Breakdown by Campaign Tier

Prospecting (Broad + LAL): 55% of total sales. The 3% Bangladesh Lookalike outperformed all other ad sets with a 4.8x ROAS. Broad targeting plus 1% LAL combined delivered a 3.6x ROAS. The key insight: the Value-Based Lookalike (top 20% customers) delivered a 5.2x ROAS with a BDT 2,800+ AOV — significantly higher than other segments.

Retargeting (Website + Engaged): 30% of total sales at 6.1x ROAS. The Add to Cart retargeting (1–7 days) was the highest-converting ad set at 7.3x ROAS. View Content retargeting delivered a 4.5x ROAS. Video viewers converted at 3.8x ROAS.

Retention (Past Customers): 15% of total sales at 8.5x ROAS. Cross-sell campaigns to past customers were extremely efficient, with the highest ROAS of any segment.
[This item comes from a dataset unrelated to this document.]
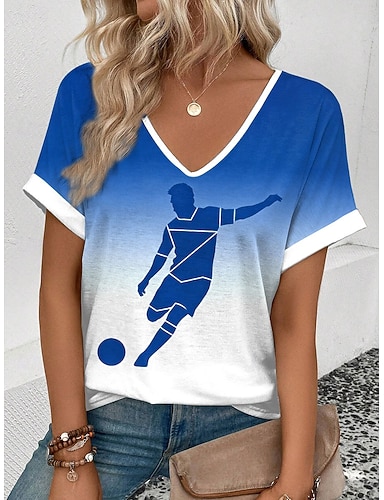 Weltfußballspiel 2026 Damen T-Shirt Print Ombre Grafik Farbblock Vintage Stilvoll Klassisch Kurzarm V-Ausschnitt Reguläre Oberteile Tägliche Wochenende Urlaubsbekleidung Blau Weiß-Blau Weiß Sommer

The referral campaign generated 47 new customers in the first 60 days at a CPA of only BDT 85.

Product-Specific Performance

Within the catalog, certain product categories significantly outperformed others:

  • Premium Kashmiri Panjabi (BDT 2,500–3,500): Highest AOV category. The “কালো কাশ্মীরি পাঞ্জাবি” variant alone generated BDT 1.2 Lakh in sales within 30 days. Best-performing creative: video close-up of fabric texture with model wearing it.
  • Turkish Jilbab (BDT 1,800–2,800): Second-best category by revenue. Particularly strong among female buyers (surprising, as the brand initially targeted men). We created a dedicated women’s ad set and saw 3x growth in female customer segment.
  • Everyday Panjabi Set (BDT 900–1,400): Highest volume category (most units sold). Lower AOV but strong conversion rates. These were the primary entry point for new customers, who then upgraded to premium products on repeat purchases.
  • Kufi & Accessories (BDT 150–500): Excellent cross-sell category. 34% of all panjabi orders included at least one kufi. We created “complete your look” bundles that increased AOV by BDT 350 per order.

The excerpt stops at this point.